[syslog-ng]TCP/IP connection - server SIGHUP problem
Roman Ernst
roman_ernst@at.ibm.com
Wed, 3 Oct 2001 09:55:45 +0200
First of all: thanks for your help with my little TCP/IP
connection-drop-determination-problem. Of course the idea using a
monitoring software would solve the problem, but I think many people don't
have / use such a tool...
So... it should be possible to catch such an error by other means...
Somebody wrote that i could figure out via "netstat -an | grep tcp ...."
whether connection is okay or not. Unfortenately when plugging out the
network cable AIX does not recognize this, i.e. with netstat -an the
connection seems to be still available. Only the client tries to close the
connection when he tries to send a log message and can't reach the log
server (after TCP timeout...). So... the client isn't the problem.
But the server never tries to send a package to the client... so he will
never recognize whether the client is available or not.
Maybe it would be useful to introduce some sort of TCP heartbeat (server
sends some packages to the client every xxx minutes) . This way the server
take care of unreachable clients and logs such problems...

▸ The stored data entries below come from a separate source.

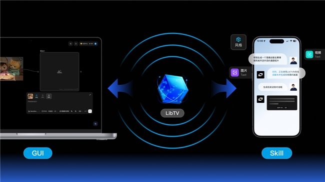 除了創作結構的調整,LibTV 另一項更受關注的變化,是其“雙入口”設計。在傳統圖形界面之外,LibTV 同時提供面向 AI Agent 的 Skill 接口,使外部 Agent 可以直接調用其視頻生成能力。通過 OpenClaw 等 Agent,用戶可以以自然語言、鏈接或文件作為輸入,由 AI 自動完成從腳本生成、分鏡設計到視頻輸出的全過程。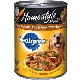 Orignal From: Pedigree Homestyle Meals Pork Ribs and Roasted Chicken, Rice and Vegetable Flavor Varieties Packaged Wet Dog Food, 13.2 oz, 12 Boxes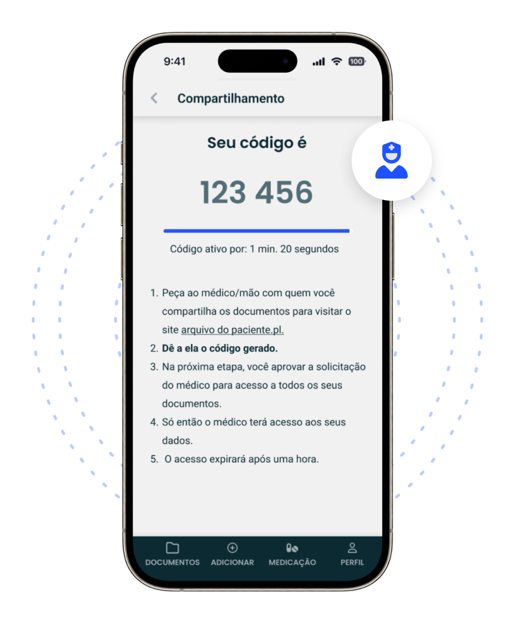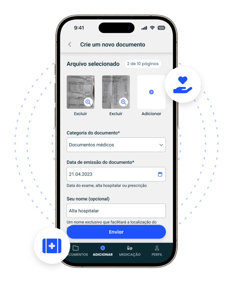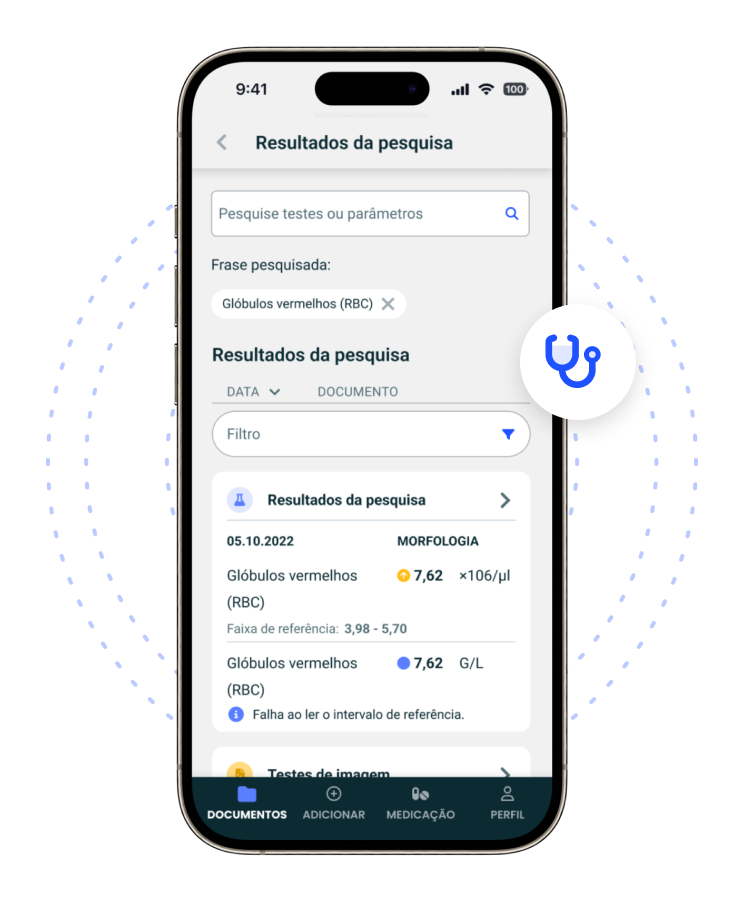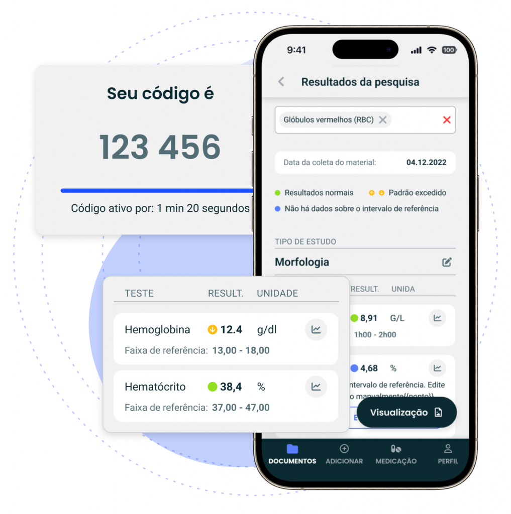 Armazene seus registros médicos em um só lugar e aproveite a possibilidade de compartilhá-los de forma fácil e segura com os médicos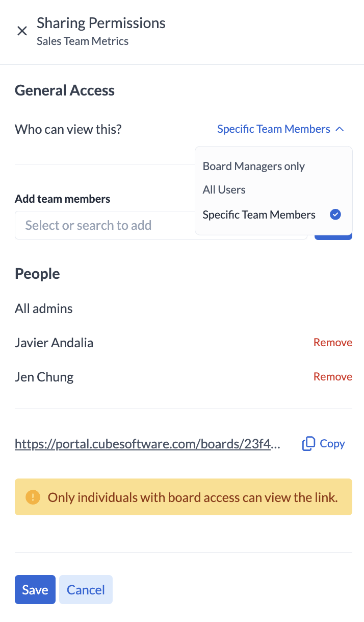 - Specific Team Members: Choose individual users or teams who can access the board.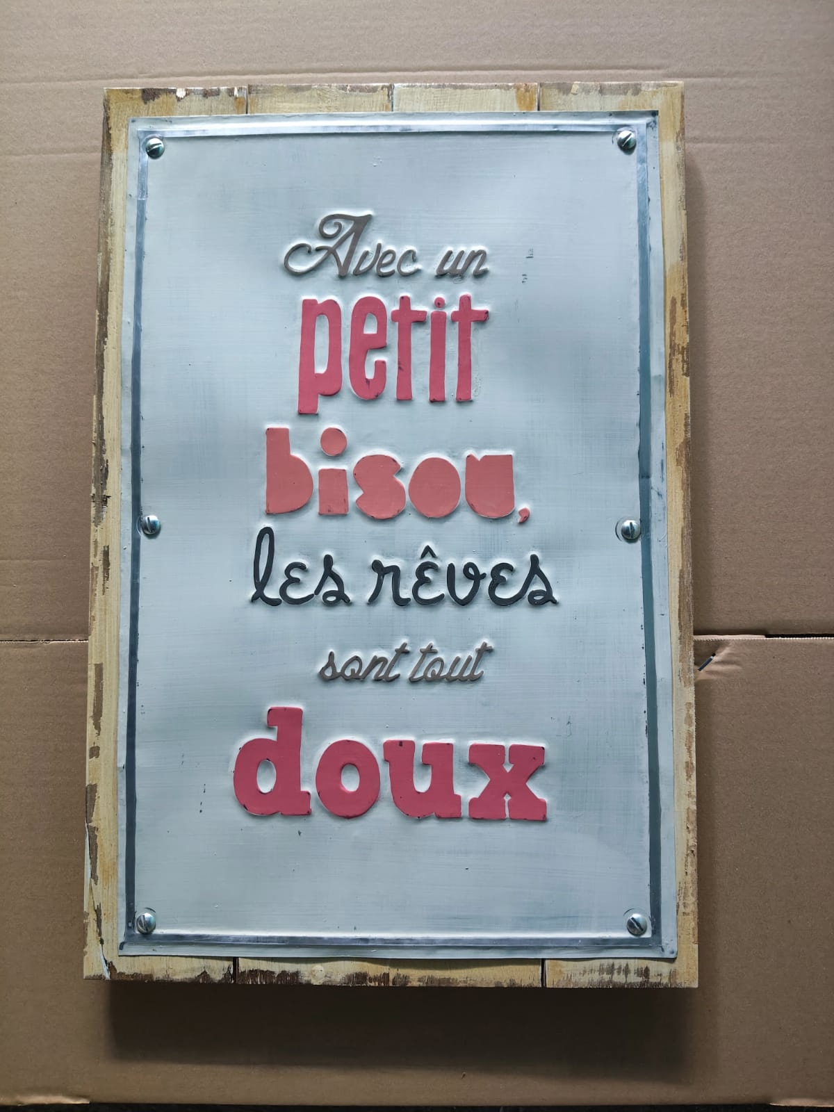 Apportez une note de douceur et de poésie à votre intérieur avec ce grand tableau intégralement conçu en métal de 40 x 60 cm. Son message affectueux — "Avec un petit bisou, les rêves sont tout doux" — est parfait pour créer une atmosphère chaleureuse dans une chambre ou un espace familial.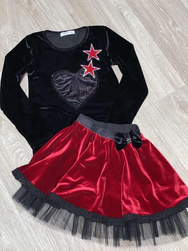 Шикарный комплект, мягкая ткань. На любой праздник Велюр мягкий и приятный Юбка с фитиновым подкладом, в поясе резинка. Реглан украшен звездочками и сердечком В наличии 128-140-152 ( подойдет на 116-150р)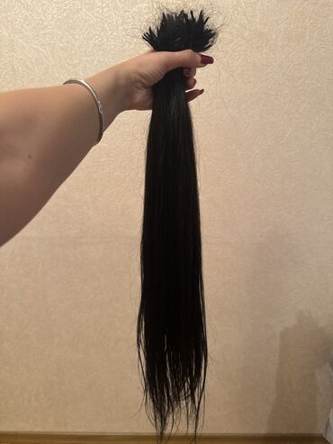 Təbii insan saçı – tünd qəhvəyi/şabalıd tonunda, qalın həcmlidir. Şəkildə ölçü xətti ilə göstərilib: təxmini uzunluq 55–60 sm civarında. Rəng tək tonlu, təbii parıltılıdır; 900e alinib 1 hefte taxi...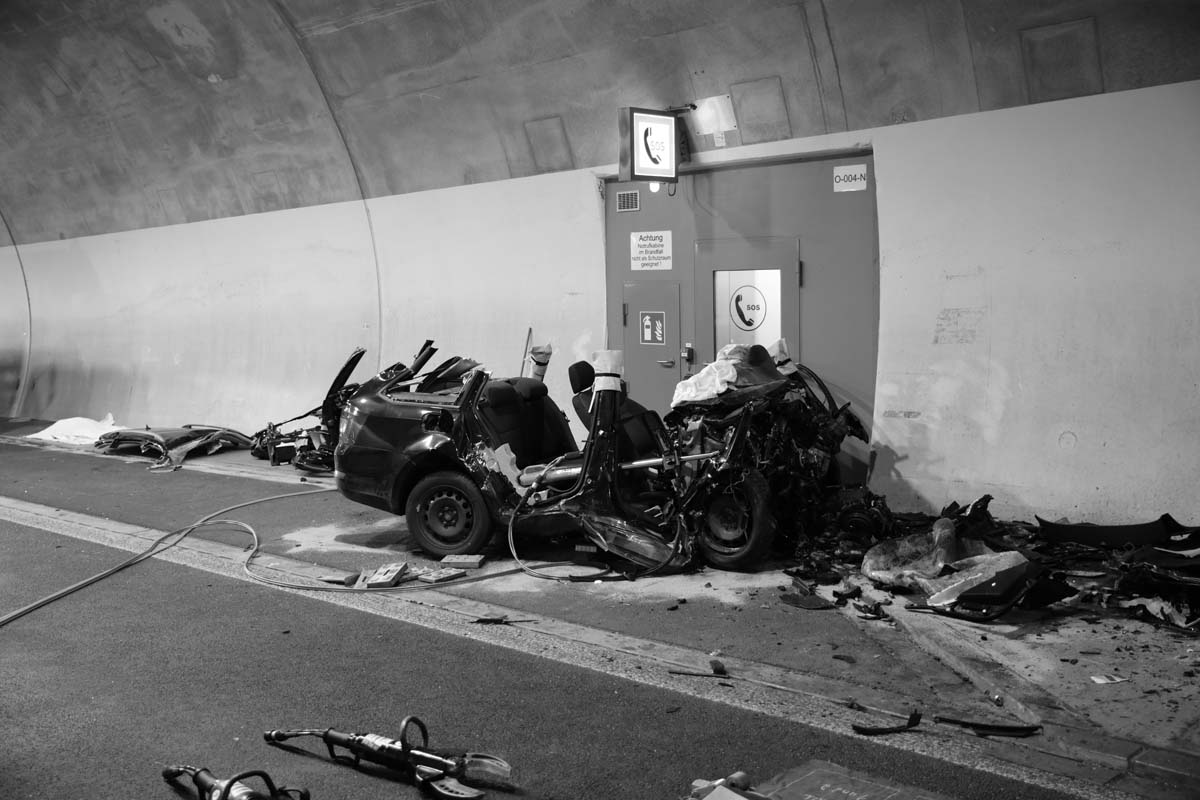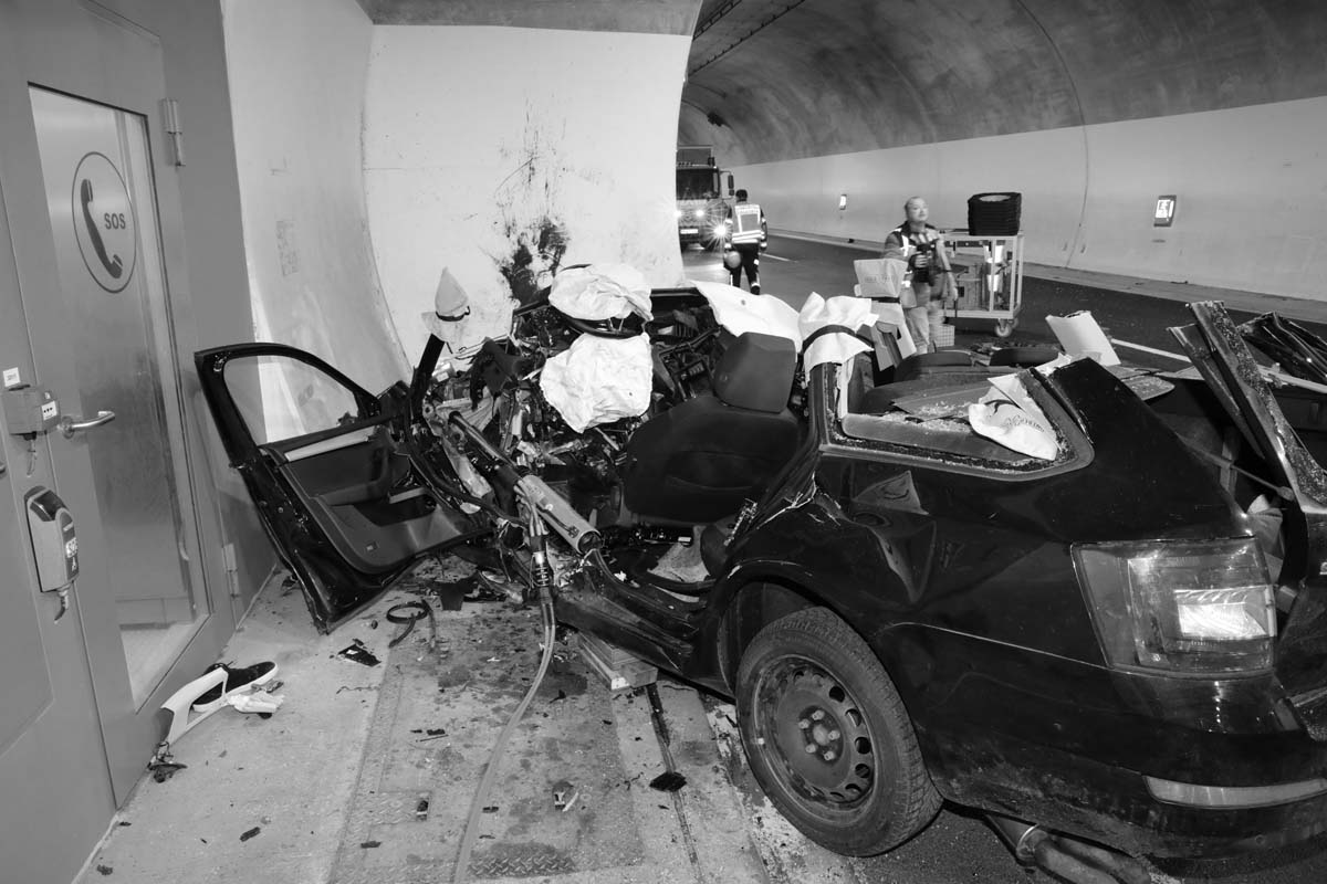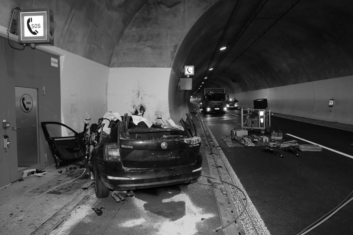 Es steht wohl mit hoher Wahrscheinlichkeit fest, dass die Person mit dem Skoda entgegen der Fahrtrichtung in den Tunnel fuhr. In der Mitte der rund einen Kilometer langen Röhre in Richtung Süden kam das Fahrzeug von der Fahrbahn ab und prallte mit sehr hoher Geschwindigkeit gegen die Betonwand der Nothaltebucht. Für die Person kam jede Hilfe zu spät. Sie war bereits eingeklemmt im Fahrzeugwrack verstorben.

If I'm totally wrong with my opinion please let me know...
Okay... another problem:
Sending a SIGHUP to the syslog-ng client results in restarting syslog-ng on
the client, dropping connection to server, reconnecting to the server and
initializing the new configuration (=> that's what the server log
says...)
=> is it really necessary to drop the connection?
Sending a SIGHUP to the syslog-ng server results in restarting the
syslog-ng on the server and initializing the new configuration (that's what
the server log says...)
=> So far so good... now the problem. If the client tries to send
messages to the server the following happens (CLIENT and SERVER LOG)
AF_INET client connected from 10.x.x.1, port xxxxx (SERVER LOG)
io.c: do_write: write () failed (errno 32), Broken pipe (CLIENT +
SERVER LOG)
pkt_buffer::do_flush(): Error flushing data (CLIENT + SERVER LOG)
Connection broken to AF_INET 10.x.x.2, reopening in 10 seconds (CLIENT
+ SERVER LOG)
AND: one log message is missing afterwards...
Okay... that's it. Maybe someone can help me. Thanks in advance!
Best regards
Roman Ernst